My husband, like, I suspect, many men of his age, is a creature of habit. He likes to do the same things at the same time every day. He finds his routines soothing, comforting. They provide stability and security in a word which I render chaotic by my random and varied approach. The more chaotic I get, the more he adheres to his routines, but it is also perversely true that if I attempt to superimpose a routine or a control of my own upon his, then he counters with more fevervent adherance.
Usually if we go into town for an event, we go by train. This is so that we can have a drink and not have to get cabs – which my husband hates unless it is his idea to get one. I do not mind travelling by train at all and I do not mind the outward journey either, but the return one, later at night with any number of alcohol-affected people sharing the carriages is one I do not enjoy. I would rather pay for the cab and have a peaceful ride home.

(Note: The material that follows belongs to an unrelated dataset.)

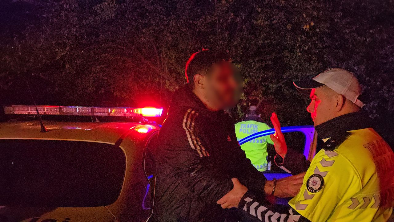 Polis ekiplerine zor anlar yaşatan sürücü, kaçmaya çalışırken yere düşerek kafasından hafif şekilde yaralandı.

Tonight, I have decided to drive because I am not drinking at the moment and there is a large carpark under the theatre where we will be. We can drive in, park, buy a pre paid ticket so we do not have to queue after the show to pay and then come home without a row about cabs or a journey with an angry drunk person.
My husband usually goes out in the evening for a couple of pints, but instead of staying home after work, maybe having a nap because he started early and relaxing into the evening, he has elected to go out anyway to try and fit his normal night out into two hours on top of going out later. He is squeezing.
I find this behaviour perplexing but it seems to make perfect sense to him and as long as he can manage it it is fine, but it will make him tired and it is already making us late, because he is already half an hour later coming home than he told me he would be, which has put me in a bad mood.
Wouldn’t it be nice to be able to have a sort of mood shower that you could go through coming into or out of the house, so that you could wash away all the tensions that you bring from work and feel totally free as you cross the threshold? And to have one for the way out as well, so that if you are left feeling tense while at home, you could just shake it off on the way out.
My husband has returned while I have been typing this. He has ironed a shirt and will be ready in a few minutes. He is very good at a quick turn around, I guess from many years’ practice at squeezing. If I do not post this I will be the one running late, so I will post and close my eyes for just a second on my way out to the car, as I visualize walking through a mood shower. Wish me luck.